A film in which the villain is a failed composer—that hits close to home! And it’s the premise (roughly) of the 1987 made-for-TV Australian film Coda (1987). The film is also notable for its use of women in all the lead roles, which would now be a travesty of wokery, but at the time was mildly interesting (it also works because the women aren’t perfectly strong, tough, and smart; the female police detective, for example, seems pretty incompetent, which rings true). Regular readers know that yours portly is an avid supporter of all women, so you can be sure that I approved of this artistic decision.
Coda is very much a 1980s film—the outfits, the haircuts, etc. I imagine Australia is one of those countries that is like Idaho: it’s ten years behind the United States in terms of fashion and pop culture, but it’s still on the same trajectory. I might be completely wrong about that, but that is the sense I got watching this flick.
Regardless, Coda is an enjoyable little thriller.
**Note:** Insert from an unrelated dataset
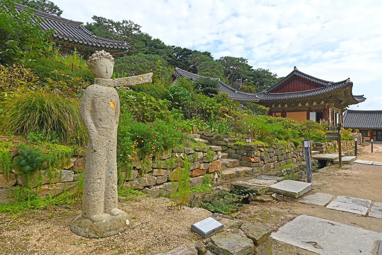 몽운사는 서해 최북단 백령도에 있는 작은 사찰이다. 200년 동안 절집이 없던 백령도에 몽운사가 들어선 건 2005년도의 일. 남북 평화와 심청의 효 사상을 선양하고자 건립했다. ‘몽운’이라는 사찰 이름은 심청전에서 심봉사가 공양미 300석을 시주하겠다고 한 설화 속 몽운사에서 따왔다. 법당 입구에 ‘효행의 집’이라는 편액을 단 이유가 여기에 있다. 법당 옆에는 거대한 발우가 전시돼 있으며, 야트막한 언덕 위에 5층 석탑과 해수관음상이 당당한 모습으로 서있다. 장산곶 너머 북한의 평양을 바라고 선 해수관음상은 높이 9m에 무게가 25t에 이른다. 주민 90% 이상이 기독교 신자인 백령도는 사실 불교와도 오랜 인연을 간직한 섬이다. 국립문화재연구소는 지난 91년부터 10여 년 간 군사보호구역의 문화유적을 조사해 백령도에서 ‘연화리사지’를 발견했으며, 동국대학교 발굴 팀은 통일신라시대 것으로 추정되는 호신불을 발굴하기도 했다. 사찰 마당에서 방목하는 공작들은 몽운사의 또 다른 명물이다.

It opens with a women being murdered—gasp!—and a goofy passer-by—the lead character’s ex-husband—is framed up for the job when he attempts to offer the dying woman aid. No good deed goes unpunished, it seems, and the female police detective is convinced the ex-husband is the culprit. Surprisingly, the ex-wife/lead protagonist doesn’t believe her bumbling ex-husband could be the culprit and begins her own investigation.